Qwen-VL: A Versatile Vision-Language Model for Understanding, Localization, Text Reading, and Beyond

Qwen-VL distinguishes itself by integrating a Vision Transformer with a large language model through a novel vision-language adapter, employing cross-attention mechanisms for precise alignment of visual and linguistic data, achieving high performance in various vision-language tasks.

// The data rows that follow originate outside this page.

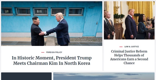 백악관은 홈페이지 메인 화면 2단에 지난달 30일 판문점 군사분계선(MDL)에서 트럼프 대통령이 김정은 북한 국무위원장과 만나 악수하는 사진을 올려 재선 출마를 선언한 트럼프 대통령의 외교 성과로 내세우고 있다.
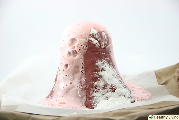 Залийте оцтову суміш в ємність для лави. з лійкою буде, до речі кажучи, куди простіше.- Візьміть харчову соду. Візьміть серветку, покладіть туди соду, поверніть серветку на манер мішечка і перетягніть чимось на зразок гумки.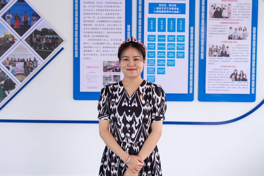 铸牢中华民族共同体意识是国家统一之基、民族团结之本、精神力量之魂。作为民族高校,更是要扎根中国大地,以铸牢中华民族共同体意识为主线,以打造民族团结教育基地为目标,不断深化民族团结进步教育。来自教师教育学院的维吾尔族辅导员古兰拜尔·吾斯曼主要负责学院少数民族学生工作,她告诉记者:“今天,万众期待的中国共产党第二十次全国代表大会隆重开幕,我怀着激动的心情收看了开幕式。教师教育学院每年培养500多名少数民族预科生,作为一名思想政治辅导员,如何引导各族学生相互融合,相互学习,团结进步,把铸牢中华民族共同体意识融入到学生工作的每一个环节,努力成为中国特色社会主义事业合格建设者和可靠接班人,就是我的本职工作!习总书记多次强调‘铸牢中华民族共同体意识’,我想,作为基层教育工作者,一定要加强学习,在本职岗位上脚踏实地,紧跟党的步伐,促进各民族同学像石榴籽一样紧紧抱在一起,共同建设伟大祖国,共同创造美好生活!”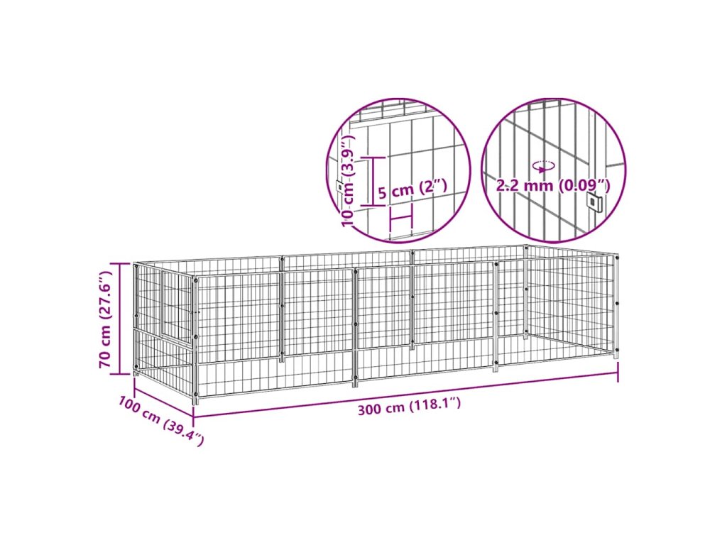 Velká klec pro psy poskytuje spoustu prostoru pro pohyb psa. Stěny z ocelového pletiva pomáhají předcházet nečekaným nehodám a zároveň umožňují volné proudění vzduchu. Výběh má robustní ocelovou konstrukci, je proto odolný a má dlouhou životnost. Dveře jsou navíc opatřeny uzamykatelnou západkou, která zajišťuje větší bezpečnost a ochranu vašich psů.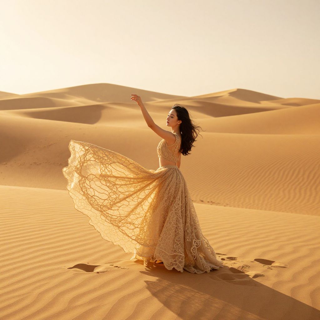 Ethereal woman twirling gracefully in flowing golden lace, her dress billowing against the vast expanse of undulating sand dunes under a warm, golden sky.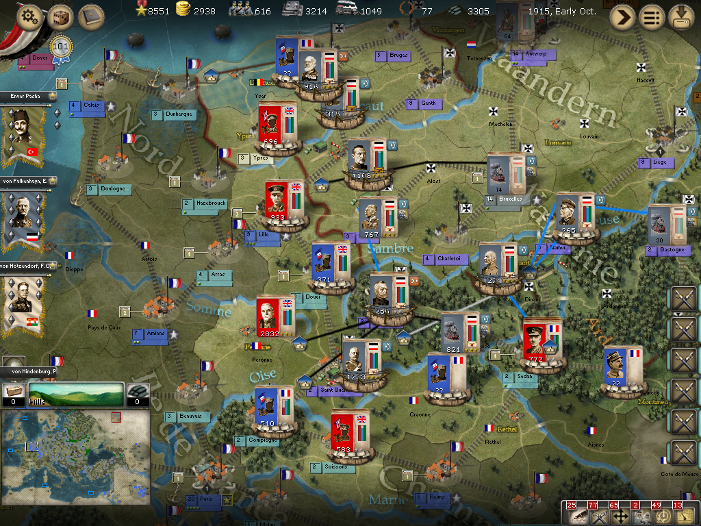 That seemingly innocuous British stack in Tournai actually has a huge force of three 3-star leaders, four 2-star leaders, a ton of regular units, 5 artillery units and 8 supply units. They are not on leave right now!!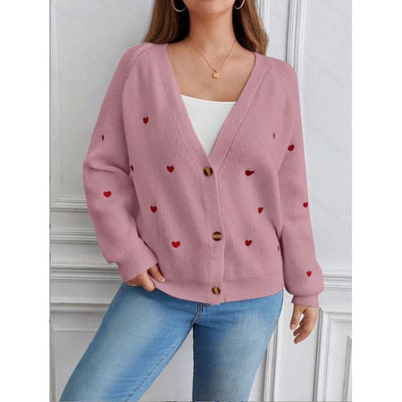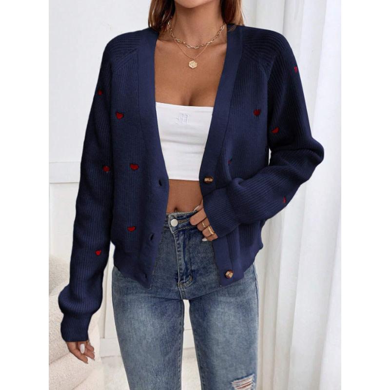 Add a touch of romance to your wardrobe with this European & American-style Love Embroidered Cardigan Sweater ๐งถ๐. Perfect for autumn and winter, this V-neck, single-breasted knit jacket features sweet embroidered heart details that make your outfit pop with personality and warmth.

Jinze Bai, Shuai Bai, Shusheng Yang, Shijie Wang, Sinan Tan, Peng Wang, Junyang Lin, Chang Zhou, Jingren Zhou

ℹ️ More Information

Qwen-VL: Represents an advanced architecture in the vision-language domain, constructed on a foundational large language model with the integration of a Vision Transformer (ViT) for visual encoding. This model stands out for its innovative approach to processing and aligning visual and linguistic data, featuring a vision-language adapter equipped with cross-attention mechanisms. These mechanisms enable the efficient compression and integration of image features into the language model, a critical component for achieving precise alignment between visual inputs and text. The architecture's design focuses on optimizing the handling of image features, employing a position-aware strategy to maintain spatial relevance of visual data when merged with textual information.The training methodology of Qwen-VL is meticulously structured into three distinct phases, starting with an initial pre-training on a diverse collection of weakly labeled image-text pairs. This is followed by multi-task pre-training, utilizing high-quality annotated datasets and larger input resolutions to refine the model's capabilities in various tasks such as instruction following and dialogue. The final phase involves supervised fine-tuning, further honing the model's performance across a spectrum of vision-language tasks. Special tokens and bounding box inputs are utilized for differentiating between image and text inputs and achieving fine-grained visual understanding, respectively.Qwen-VL's alignment techniques are innovative, employing a cross-attention mechanism within its vision-language adapter to fuse visual and textual features effectively. This approach ensures the preservation of spatial information post feature compression through the use of positional encodings. The model leverages an extensive suite of datasets for training, including LAION-en, LAION-zh, and various others for pre-training, alongside specialized datasets like GQA, VGQA, and VQAv2 for multi-task pre-training. These datasets are instrumental in supporting a broad array of vision-language tasks, emphasizing multilingual capabilities, fine-grained visual understanding, and the model's proficiency in captioning, visual question answering, grounding, and OCR tasks.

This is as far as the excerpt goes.